• To do
Transcribe the full listing without changing a word, and omit its pictures.

• Records
╔══

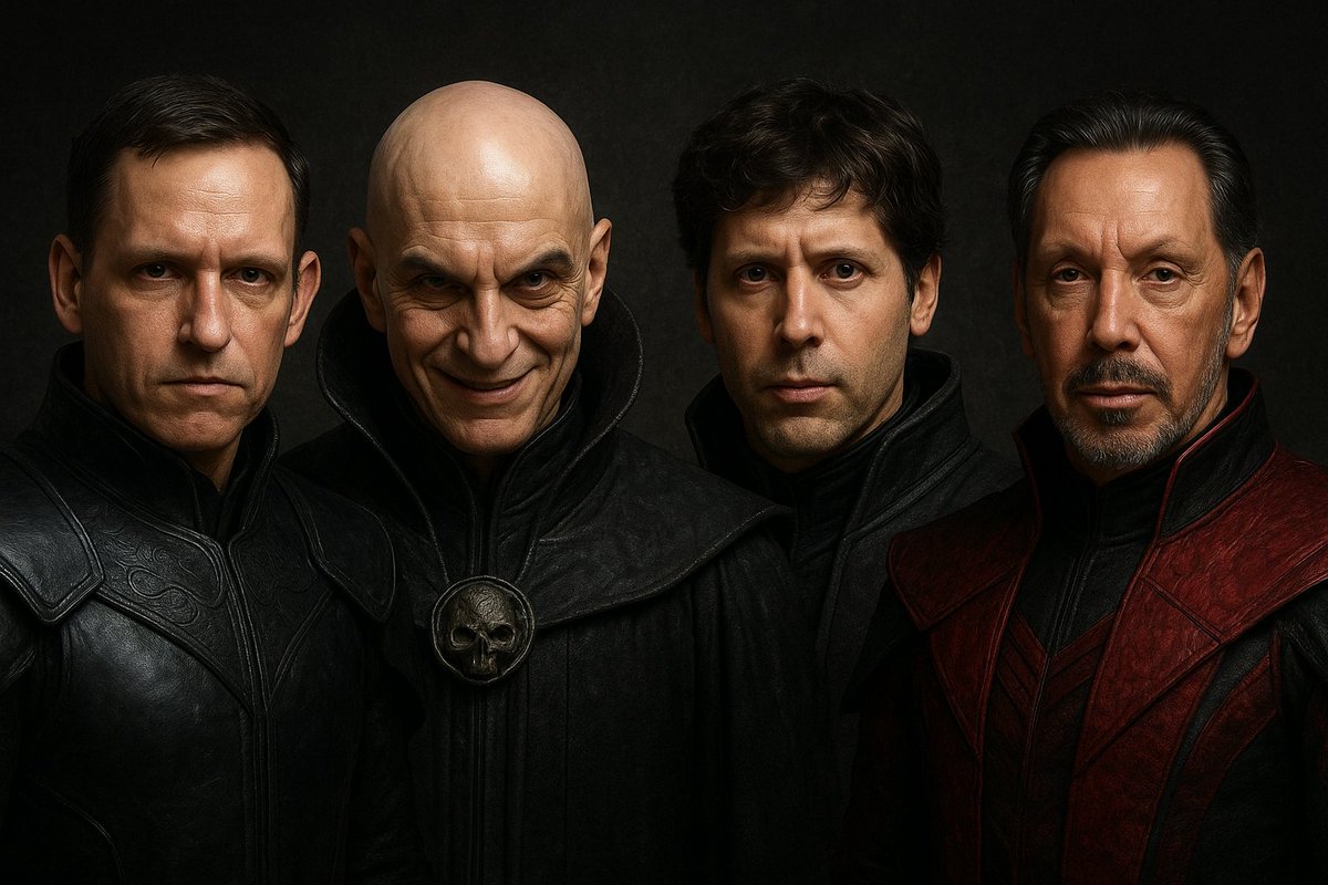 *Top 10 B-List Bond Villains secretly shaping the world: 1. Peter Thiel 2. Palmer Luckey 3. Yuval Noah Harari 4. Alex Karp 5. Sam Altman 6. Larry Fink 7. Erik Prince 8. Gilman Louie 9. Larry Ellison 10. Reid Hoffman Research them—dystopia has a cast list. https://t.co/YsO7TTdpYR
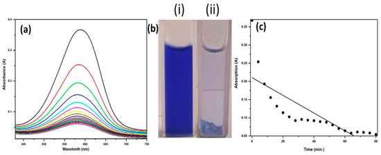 For comparison, 40.0 mg Mn-doped ZnMoO4 was added to 10.0 mL aq. Solution with a concentration of 50 ppm SDB (pH = 6) in the presence of light and air with a constant time (10 min) interval. Mn-doped ZnMoO4 degraded the dark blue color of the solution at a wavelength of 588 nm (Figure 8a). After 80 min, the blue solution turned colorless (Figure 8b). With increased time, a decrease in the absorption of blue color was observed when the time interval was held constant with a wavelength of 588 nm (Figure 8c).
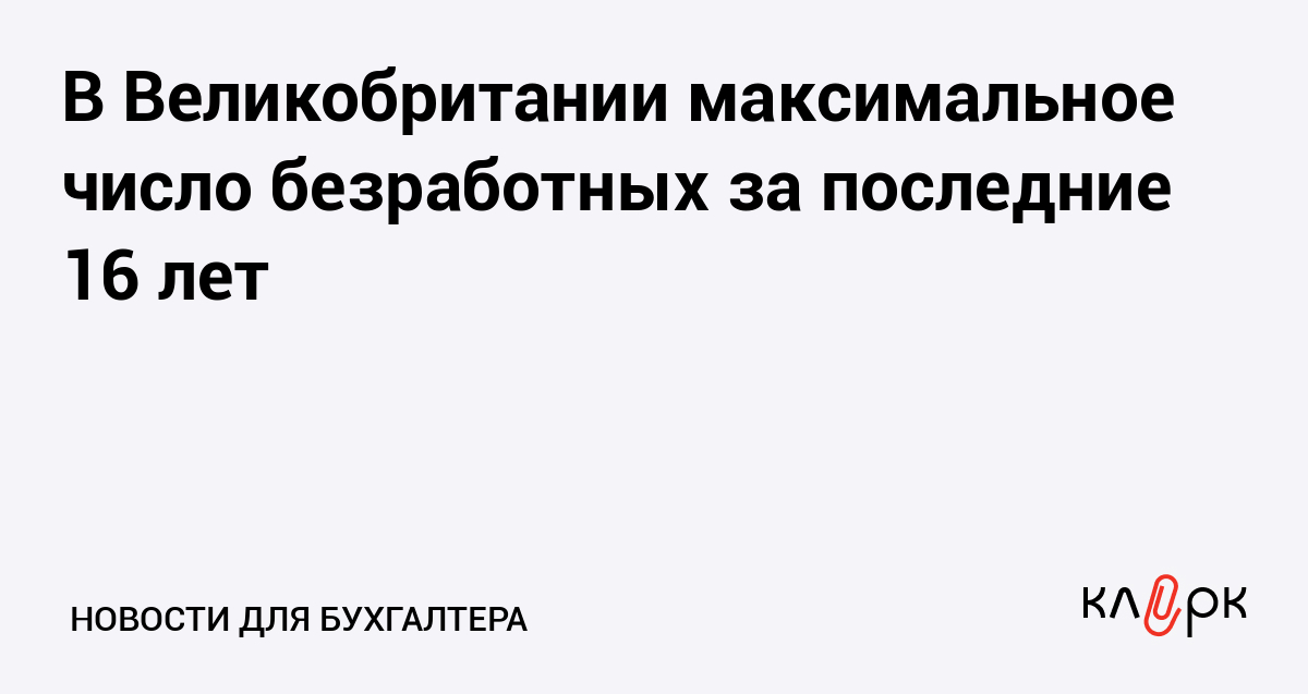 Уровень безработицы в Великобритании достиг максимального уровня за последние 16 лет. За последние 7 месяцев наблюдался постоянный рост числа обратившихся в органы социальной защиты за пособием по безработице, и на днях достигло уровня 1992 года, пишет "Газета.ru".
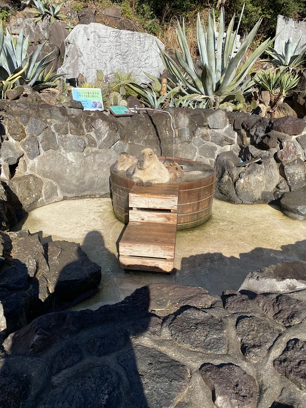 ある日の桶風呂・・ 気持ちよさそうに入っている中手前の1頭よく見てみると 全身浸かれなかったのかせめてお尻だけでもという感じで お風呂に入っていました(笑 思わず写真を撮ってしまいました! ほっこりした1日☺     遊びに来た際は露天風呂もいいですが 虹の広場の桶風呂も見て癒されてください!
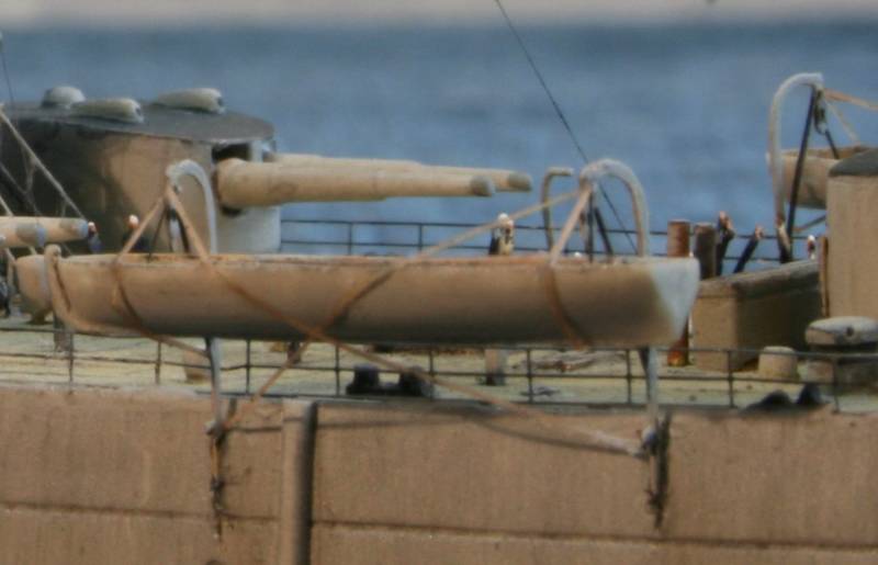 The ships boats were sharpened up a little with a blade, portholes drilled where required and the open boats furnished with oars made of brown stretched sprue with the ends flattened with pliers. The webbing strapping for the boats swung outboard in davits was made of brown sprue flattened by rolling a heavy metal cylinder over a thick ceramic tile-this could then be applied using liquid poly cement, the strapping then conformed exactly to the hull profile and had a sharp kink at the gunwale!

╚══

• Task output
 *Top 10 B-List Bond Villains secretly shaping the world: 1. Peter Thiel 2. Palmer Luckey 3. Yuval Noah Harari 4. Alex Karp 5. Sam Altman 6. Larry Fink 7. Erik Prince 8. Gilman Louie 9. Larry Ellison 10. Reid Hoffman Research them—dystopia has a cast list. https://t.co/YsO7TTdpYR
 For comparison, 40.0 mg Mn-doped ZnMoO4 was added to 10.0 mL aq. Solution with a concentration of 50 ppm SDB (pH = 6) in the presence of light and air with a constant time (10 min) interval. Mn-doped ZnMoO4 degraded the dark blue color of the solution at a wavelength of 588 nm (Figure 8a). After 80 min, the blue solution turned colorless (Figure 8b). With increased time, a decrease in the absorption of blue color was observed when the time interval was held constant with a wavelength of 588 nm (Figure 8c).
 Уровень безработицы в Великобритании достиг максимального уровня за последние 16 лет. За последние 7 месяцев наблюдался постоянный рост числа обратившихся в органы социальной защиты за пособием по безработице, и на днях достигло уровня 1992 года, пишет "Газета.ru".
 ある日の桶風呂・・ 気持ちよさそうに入っている中手前の1頭よく見てみると 全身浸かれなかったのかせめてお尻だけでもという感じで お風呂に入っていました(笑 思わず写真を撮ってしまいました! ほっこりした1日☺     遊びに来た際は露天風呂もいいですが 虹の広場の桶風呂も見て癒されてください!
 The ships boats were sharpened up a little with a blade, portholes drilled where required and the open boats furnished with oars made of brown stretched sprue with the ends flattened with pliers. The webbing strapping for the boats swung outboard in davits was made of brown sprue flattened by rolling a heavy metal cylinder over a thick ceramic tile-this could then be applied using liquid poly cement, the strapping then conformed exactly to the hull profile and had a sharp kink at the gunwale!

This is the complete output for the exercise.